The n-back task requires the participants to respond by key pressing whether the current stimulus matches the stimulus presented n-back in the sequence. Although the n-back and the complex span tasks are considered to be WM tasks, they do not share much variance [11]. The simple span tasks appear to involve the two storage systems [2,3] described in Baddeley’s WM model, whereas the n-back task appears to target the CE component of WM (monitoring, updating, and information manipulation).

Domain: Spatial vs. Verbal WM and ADHD

The functional neuroanatomy of WM has been the source of controversy for the past few decades. Two theoretical models have been proposed. One holds that WM processing within the frontal cortex is modality-specific [12] and the other model suggests a domain-general WM processing in the frontal cortex [13,14].

In the first model, two sets of observations have been reported. One has proposed a left/right organization within the prefrontal cortex, with the left hemisphere associated with verbal and the right hemisphere associated with non-verbal processing [15,16]. The other set of observations argue that the dorsal prefrontal cortex (PFC) activates the parietal “where” stream for maintenance of spatial information and the ventral PFC activates the temporal “what” stream for maintenance of verbal processing [17]. The neuropsychological [4], neuroanatomical [16], and factor analytic [5] evidence support the independent functioning of the two subsystems in Baddley’s model. According to the second model, although WM processing within the prefrontal cortex is domain-general, pre-processing of the stimuli may be domain-specific and selectively involve the ventral (nonspatial) or the dorsal (spatial information) streams in the occipital and posterior parietal cortex [13].

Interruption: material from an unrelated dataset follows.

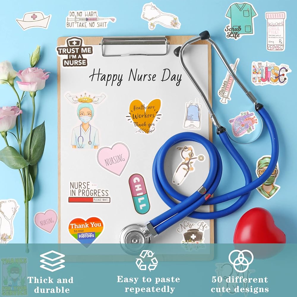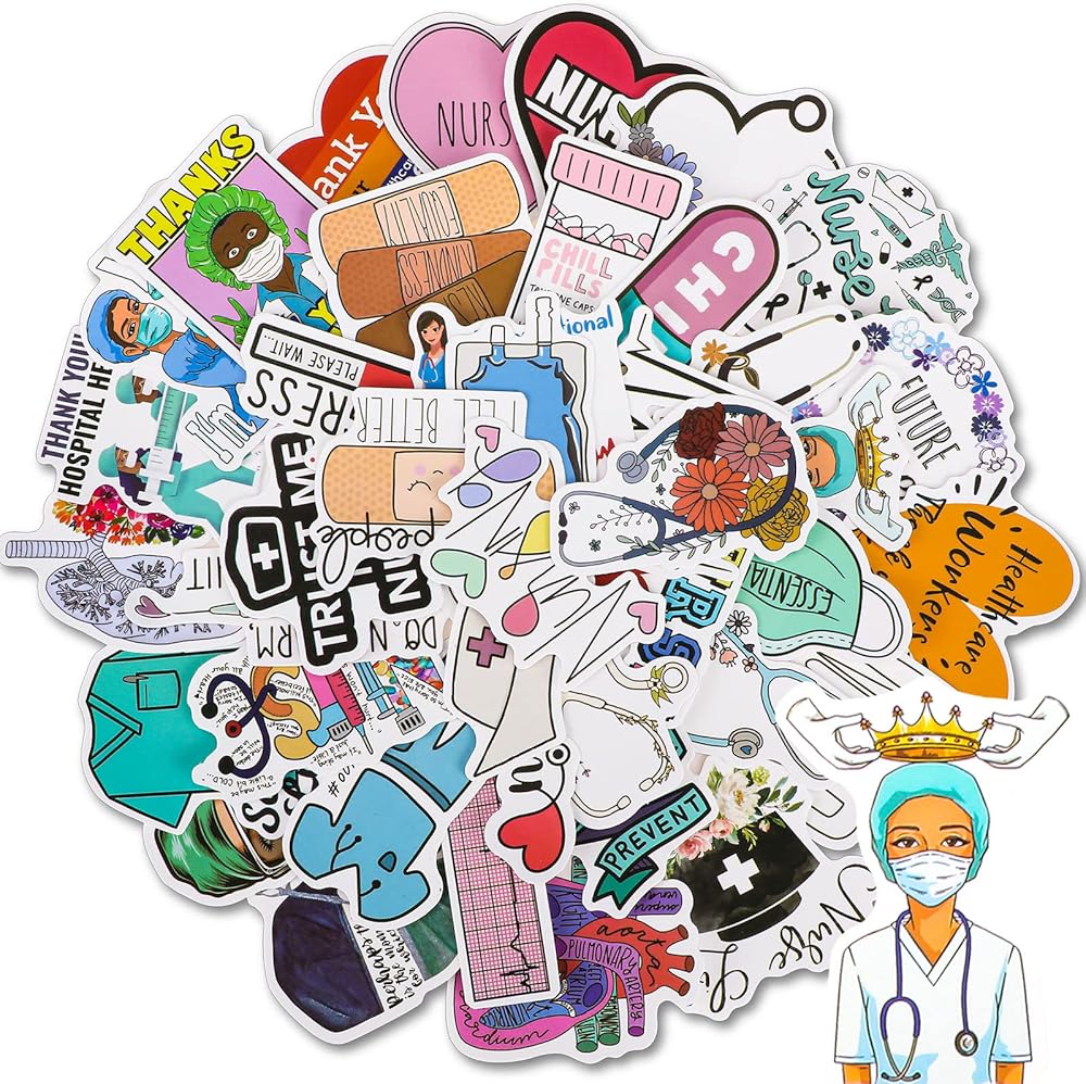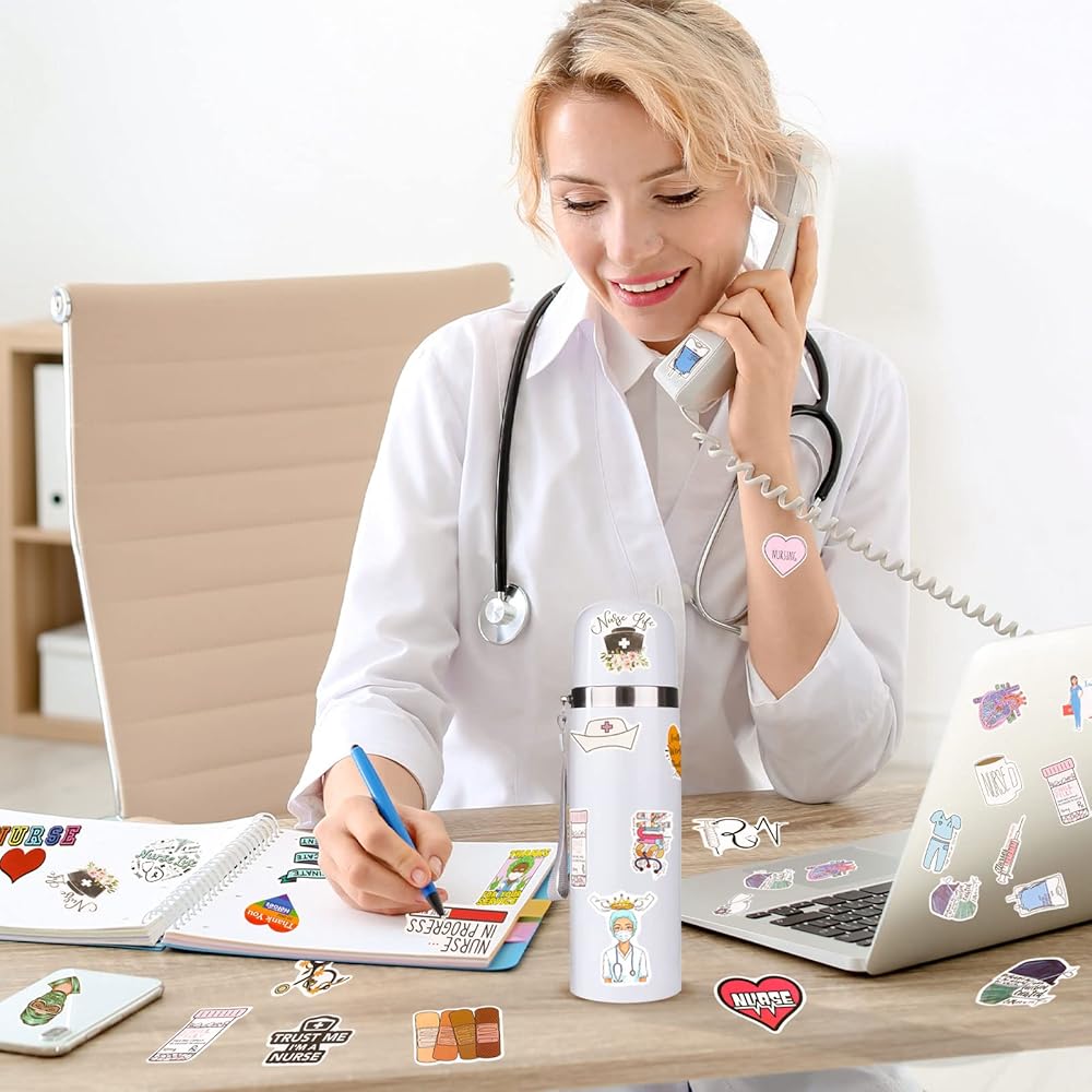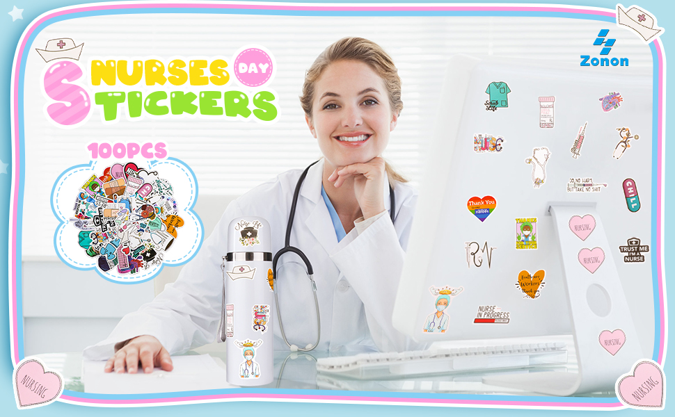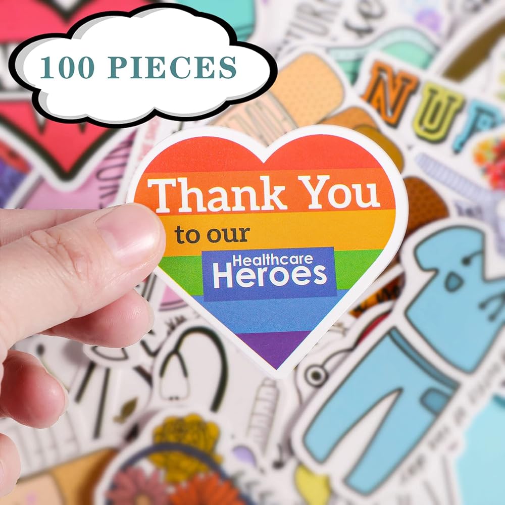 100 قطعة من ملصقات يوم الممرضات الصغيرة للمستشفى من الفينيل ملصقات مقاومة للماء ملصقات ممرضة مقاومة للماء ملصقات الكمبيوتر المحمول الطبية ملصقات كرتونية من الفينيل للتمريض لتزيين زجاجة المياه والكمبيوتر المحمول

Taken together, working memory has been defined in various ways and measured using diverse tasks that may not be targeting the same aspect of WM. This heterogeneity may be contributing to inconsistency of reports in the literature including those in the intervention literature [18]. Efforts to unify our understanding of WM and measures best suited to capture WM would help alleviate controversies and heterogeneity currently present in this literature.